Sunday, November 24, 2019

Redux Reflux

I've said it before and I'll say it again: forget the abstract, only the concrete is real.

Putin is the leader of a foreign country.  He is abstract, and his assault on the American electorate is abstract.  Yes, the conspiracy theory is straight outta St. Petersburg.  Yes, it's the rankest bullshit, as certified by American intelligence agencies.

No matter.  It's an abstraction.  Trump is concrete.  Trump is here, not way over there.  And Trump is an American politician, not a foreign leader (since when did Americans care that much about the rest of the world, especially after Vietnam?).

Likewise the Constitution.  Yes, Senators and Representatives take an oath to preserve, protect, and defend the Constitution.  What political ever got re-elected on that platform, unless it was a promise to preserve, protect, and defend your right to arm bears?  The 2nd Amendment is concrete (and wholly misunderstood).  The rest of the Constitution is bafflegab and moonbeams.  It may provide for impeachment, but what political under investigation ever got drummed out of office for calling the investigation "unconstitutional"?  The common and accepted interpretation of the 2nd Amendment is actually unconstitutional.  Even Scalia's opinion in Heller doesn't do what many NRA loonies think it does.  But it matters not:  that interpretation is concrete, the Constitution itself a mere abstraction.

So politicians don't act to preserve, protect, and defend an abstraction.  They act to get re-elected, and to represent (aye, there's the rub!) their constituents.  I could throw a rock in Louisiana and not hit someone who disagreed with Sen. Kennedy.  No doubt they exist; but you'd have to hunt for them.  Of course, what politicians say when they campaign is abstractions:  but they are taken as concrete.  The media may want candidates to pontificate on arcane foreign policy issues; the voters want to know what tax breaks they can expect, and what the government is going to do for them.  Constitutional issues like "abuse of power" or even bribery or treason are abstractions; literally.  What is concrete is how any particular voter feels tomorrow morning.  Always tomorrow morning, in fact.

Putin is an abstraction.  Trump's tweets, which can bring ignominy on their targets in a GOP primary, are concrete.  The Constitution is an abstraction.  That there was no bribery because Ukraine got the money, is concrete (it's wrong, but it's concrete).  What people say is an abstraction, especially when you can take a post-modern stance that:  "Words?  What do they really mean, anyway?"  Which, according to Lewis Carroll, isn't all that post-modern after all.

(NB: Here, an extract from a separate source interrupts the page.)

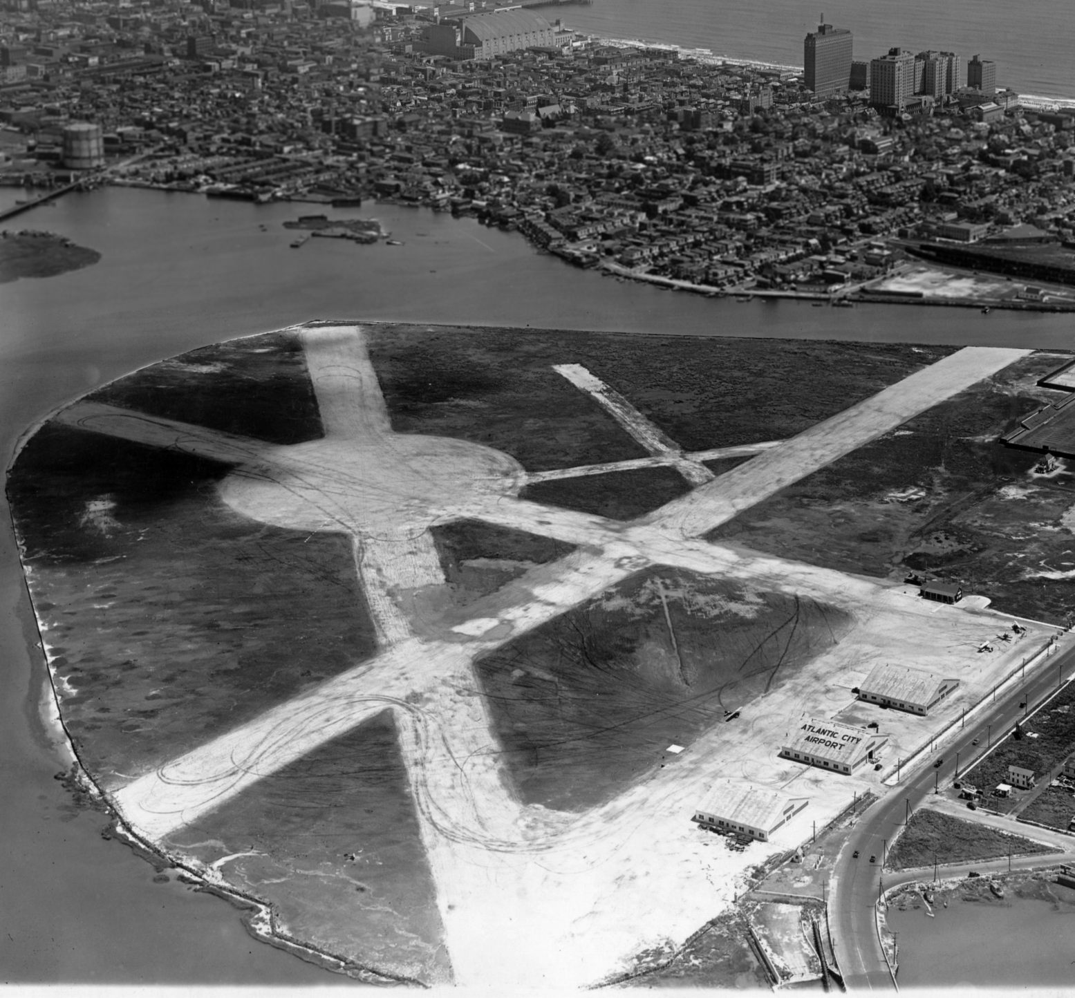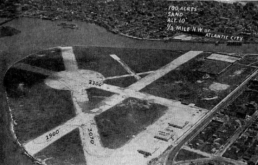 An 8/9/32 aerial view looking east at Atlantic City Municipal Airport (from the Dallin Aerial Survey Collection, courtesy of the Hagley Museum & Library),

'When I use a word,' Humpty Dumpty said, in a rather scornful tone,' it means just what I choose it to mean, neither more nor less.'

'The question is,' said Alice, 'whether you can make words mean so many different things.'

'The question is,' said Humpty Dumpty, 'which is to be master - that's all.'
We have met the master, and we are through the looking glass.  Honor and duty and oath have always been empty words in American politics; good for using in speeches, bad for living up to.  Here the British constitutional monarchy has one up on us (not much of one, granted).  When a politician is caught in scandal, the Queen is the exemplar of governmental behavior (the royal family is another matter) and, compared to her, the politician is shamed and driven from the Queen's government (it's all her government, in idea if not reality).  We re-elect our scoundrels, and consider them bad people but at least they're our bad people.  Your people are much worse.  That isn't going to change anytime soon.  Sen. Kennedy is merely doing what politicians before him have done since the founding of the Republic and the Presidency of Adams proved the Presidency of Washington was a one-off and the eternal exception that proved the rule.  Kennedy is just dancing with the ones what brung him.

And most of those people aren't on Twitter.  With any luck, they won't be the majority of the electorate next November, either; along with disappointed Bernie backers.

Maybe we can spend more time interpreting "Jabberwocky."